Many speech recognition systems typically output raw words exactly as spoken, without any formatting which can improve intelligibility. Cobalt Transcribe’s customizable formatting suite enables a variety of intelligent formatting options:

  • Capitalizing the first letter of the utterance
  • Numbers: “cobalt’s atomic number is twenty seven” -> “Cobalt’s atomic number is 27”
  • TrueCasing: “the iphone was launched in two thousand and seven” -> “The iPhone was launched in 2007”
  • Ordinals: “summer solstice is twenty first june” -> “Summer solstice is 21st June”

1 - Getting Started

How to get a Transcribe Server running on your system

Using Cobalt Transcribe

  • A typical Transcribe release, provided as a compressed archive, will contain a linux binary (transcribe-server) for the required native CPU architecture, appropriate Dockerfile and models.

  • Cobalt Transcribe runs either locally on linux or using Docker.

  • Cobalt Transcribe will serve the Transcribe GRPC API on port 2727. A web demo will be enabled on port 8080.

  • To quickly try out Transcribe, first start the server as shown below and open the web demo at http://localhost:8080 in your browser to send live microphone input or upload an audio file for transcription. You can also use the SDK to use Transcribe from within your application or just command line.

Running Transcribe Server Locally on Linux

./transcribe-server
  • By default, the binary assumes the presence of a configuration file, located in the same directory, named: transcribe-server.cfg.toml. A different config file may be specified using the --config argument.

Running Transcribe Server as a Docker Container

To build and run the Docker image for Transcribe, run:

docker build -t cobalt-transcribe .
docker run -p 2727:2727 -p 8080:8080 cobalt-transcribe

How to Get a Copy of the Transcribe Server and Models

Please contact us for finding a product release or Transcribe model best suited to your requirements.

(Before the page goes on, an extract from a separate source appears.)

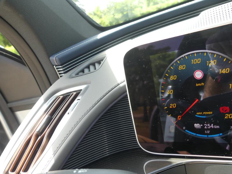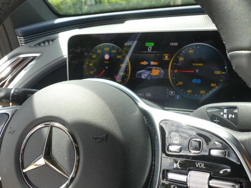 Mobilité donc, plus que conduite. Ingénieusement, Mercedes-Benz a su intégrer tous les services dédiés à l’électromobilité pour les faire communiquer avec les fonctions de la voiture. Cette interaction globale vous permet non seulement de planifier votre trajet, mais plus encore d’optimiser vos déplacements. L’itinéraire est calculé avec les étapes de charge. Le mode tout automatique tient compte de l’aspect de la route et de l’environnement, comme la déclivité, les ralentissements ou les ronds-points, pour maximaliser la récupération d’énergie. Fondamentalement, on se prend au jeu! La conduite devient stratégique, car le conducteur influence grandement la consommation d’énergie, qui se traduit en autant de kilomètres supplémentaires parcourus. Là encore, la pédale d’accélérateur tactile fera votre éducation et influencera positivement votre style vers plus de sobriété.

The demo release you will receive is a compressed archive (tar.bz2) and is structured accordingly:

release.tar.bz2
├── COPYING
├── README.md
├── transcribe-server
├── transcribe-server.cfg.toml
├── cobalt.license.key
├── Dockerfile
├── models
│   └── en_US-16khz
├── formatters
│   └── en_US-16khz
│
└── cobalt.license.key [ provided separately, needs to be copied over ]
  • The README.md file contains information about this release and instructions for how to start the server on your system.

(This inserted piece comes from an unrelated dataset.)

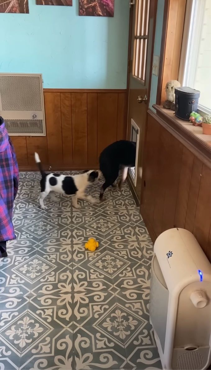 ペットドアをくぐれない子犬。先住犬がお手本を見せてくれても・・困惑している?【アメリカ・動画】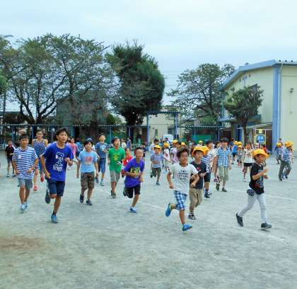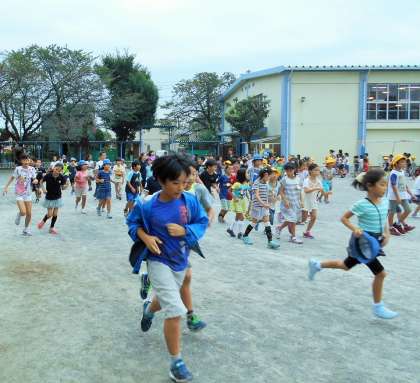 朝遊びの後は、朝のランニングです。今年度の重点目標の一つである健康・体力づくりへの取り組みです。音楽の曲に合わせて、自分のペースで距離を刻んでいる子、先生と一緒に走る子、友達と競走をしている子・・・。

  • The transcribe-server is the server program which is configured using the transcribe-server.cfg.toml file.

  • The Dockerfile can be used to create a container that will let you run Transcribe server on non-linux systems such as MacOS and Windows.

  • The models and formatters directories contain your speech recognition and text formatting models. The content of these directories will depend on the models you downloaded.

System Requirements

Cobalt Transcribe runs on Linux. You can run it directly as a linux application, or using Docker.

You can evaluate the product on Windows or Linux using Docker Desktop but we would not recommend this setup for use in a production environment.

A Cobalt Transcribe release typically includes a single Transcribe model together with binaries and config files. The general purpose Transcribe models take up to 4GB disk space, and need a minimum of 4GB RAM when evaluating locally. For production workloads, we recommend configuring containerized applications with each instance allocated with 4 CPUs and 8GB RAM.

Cobalt Transcribe runs on x86_64 CPUs. We also support Arm64 CPUs, including processors such as the Graviton (AWS c7g EC2 instances). Transcribe is significantly more cost effective to run on C7g instances compared to similarly sized Intel or AMD processors, and we can provide you an Arm64 release on request.

To integrate Cobalt Transcribe into your application, please follow the next steps to Generate the SDK in a language of your choice.

2 - Running Quick Tests

How to use our prebuilt client application to test Cobalt Transcribe.

In the release package you received, we have bundled a prebuilt application, a command-line client, that you can use to connect to the server you now have running. You can use this client to send files to the server for saving the transcription, either as a stream of text, or as JSON with additional information.

Obtaining the Client Application

In the release package of Cobalt Transcribe, you should find a folder called transcribe-client, that contains client binaries for multiple platforms.

transcribe-client/
└── bin
    ├── darwin_amd64
    │   └── transcribe-client
    └── linux_amd64
        └── transcribe-client

This client is implemented in Go, and the code is available for reference.

If you need to build the client yourself, instead of using the pre-packaged version in the release, you can install it using:

go install github.com/cobaltspeech/examples-go/transcribe/transcribe-client@latest

Running The Client

After you follow the Getting Started instructions, you should have Cobalt Transcribe server running and listening on port 2727 on the local machine.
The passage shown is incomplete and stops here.